§ Work to complete: For the entries below, repeat exactly each line starting with the one that contains "Коммерческая стальная продукция" and going on through the one that contains "(1)开通微信公众平台模版消息,选择你要使用的模版", and no others.

§ Excerpted data:
• • • • • • •

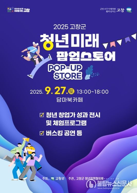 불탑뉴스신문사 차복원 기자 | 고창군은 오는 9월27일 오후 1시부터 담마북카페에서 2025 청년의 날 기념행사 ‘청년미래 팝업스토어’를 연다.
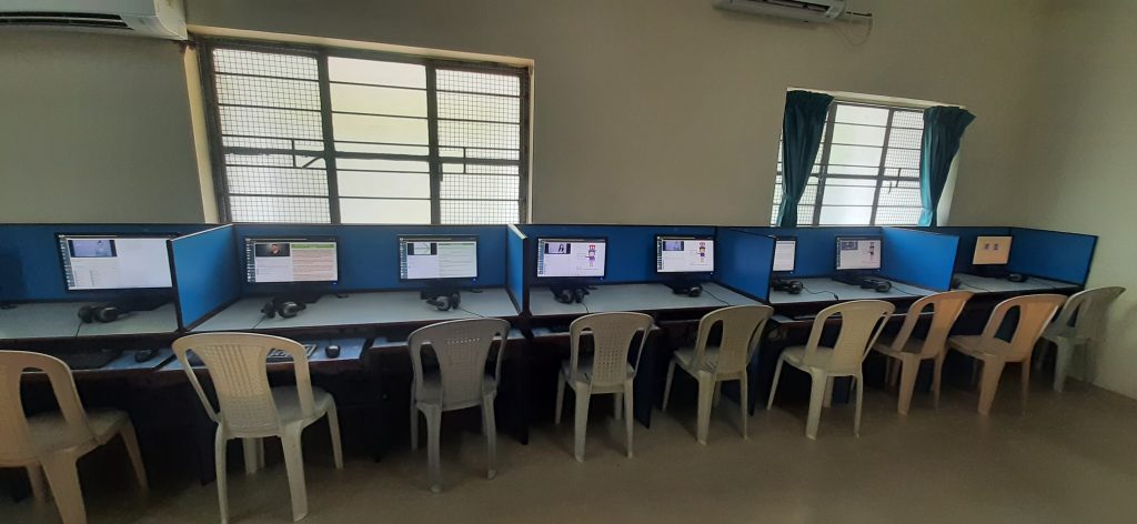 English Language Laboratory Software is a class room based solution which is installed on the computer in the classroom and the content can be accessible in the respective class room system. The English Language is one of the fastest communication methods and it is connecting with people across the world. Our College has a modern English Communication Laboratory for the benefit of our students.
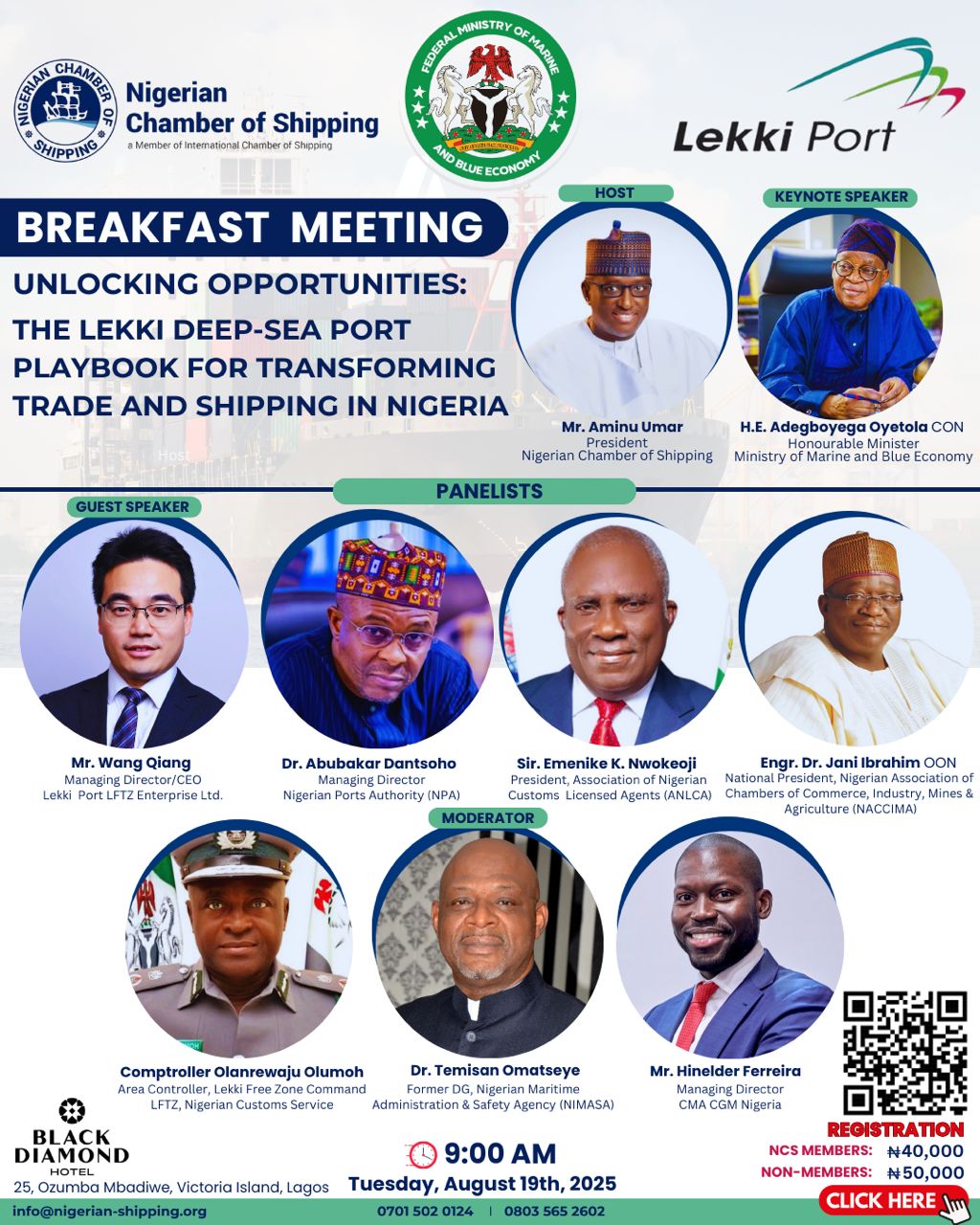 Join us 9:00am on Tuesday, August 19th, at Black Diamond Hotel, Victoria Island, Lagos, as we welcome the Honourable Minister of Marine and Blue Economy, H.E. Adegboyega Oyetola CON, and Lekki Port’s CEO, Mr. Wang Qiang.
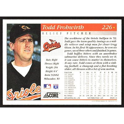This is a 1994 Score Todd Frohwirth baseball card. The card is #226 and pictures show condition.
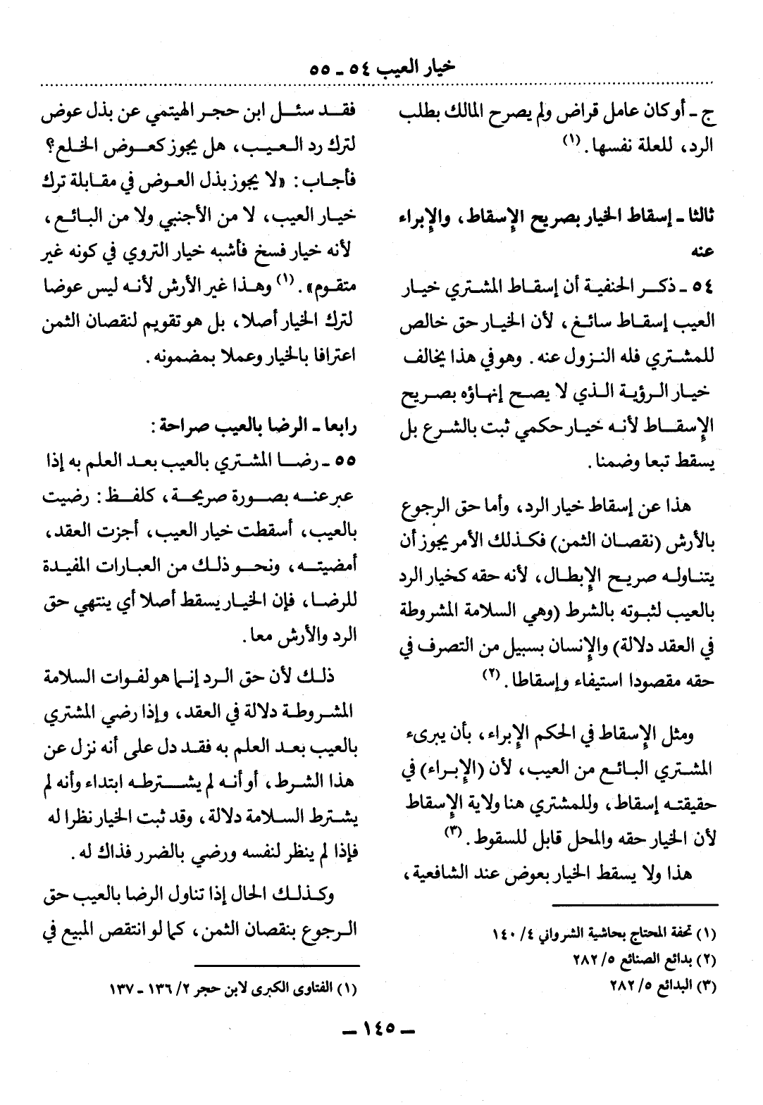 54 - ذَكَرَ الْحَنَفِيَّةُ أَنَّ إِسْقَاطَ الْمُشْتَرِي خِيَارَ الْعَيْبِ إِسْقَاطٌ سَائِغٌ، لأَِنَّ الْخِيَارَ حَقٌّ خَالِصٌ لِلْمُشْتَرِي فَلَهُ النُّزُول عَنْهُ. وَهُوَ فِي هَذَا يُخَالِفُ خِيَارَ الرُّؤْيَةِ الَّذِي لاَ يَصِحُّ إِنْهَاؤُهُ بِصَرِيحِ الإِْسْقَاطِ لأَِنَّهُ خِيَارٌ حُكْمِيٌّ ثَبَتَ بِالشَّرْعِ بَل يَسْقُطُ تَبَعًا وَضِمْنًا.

• • • • • • •

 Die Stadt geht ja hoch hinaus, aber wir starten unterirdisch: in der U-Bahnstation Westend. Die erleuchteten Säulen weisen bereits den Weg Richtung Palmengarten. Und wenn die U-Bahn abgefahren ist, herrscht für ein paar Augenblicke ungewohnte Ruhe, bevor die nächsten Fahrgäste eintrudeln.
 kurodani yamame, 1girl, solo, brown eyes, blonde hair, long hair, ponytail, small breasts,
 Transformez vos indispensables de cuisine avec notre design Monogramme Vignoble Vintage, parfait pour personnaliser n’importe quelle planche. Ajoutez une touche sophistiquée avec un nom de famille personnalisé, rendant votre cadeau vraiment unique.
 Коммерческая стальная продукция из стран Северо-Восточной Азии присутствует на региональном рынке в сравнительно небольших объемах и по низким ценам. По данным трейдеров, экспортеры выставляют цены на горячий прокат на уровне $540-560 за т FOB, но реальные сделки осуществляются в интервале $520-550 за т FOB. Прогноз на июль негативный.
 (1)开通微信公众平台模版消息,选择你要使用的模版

• • • • • • •

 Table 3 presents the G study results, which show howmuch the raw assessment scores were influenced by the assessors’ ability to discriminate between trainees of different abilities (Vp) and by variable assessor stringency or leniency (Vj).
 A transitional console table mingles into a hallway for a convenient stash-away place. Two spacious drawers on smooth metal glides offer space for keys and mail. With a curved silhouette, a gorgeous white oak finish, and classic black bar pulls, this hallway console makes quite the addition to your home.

• • • • • • •

§ Problem solution:
 Коммерческая стальная продукция из стран Северо-Восточной Азии присутствует на региональном рынке в сравнительно небольших объемах и по низким ценам. По данным трейдеров, экспортеры выставляют цены на горячий прокат на уровне $540-560 за т FOB, но реальные сделки осуществляются в интервале $520-550 за т FOB. Прогноз на июль негативный.
 (1)开通微信公众平台模版消息,选择你要使用的模版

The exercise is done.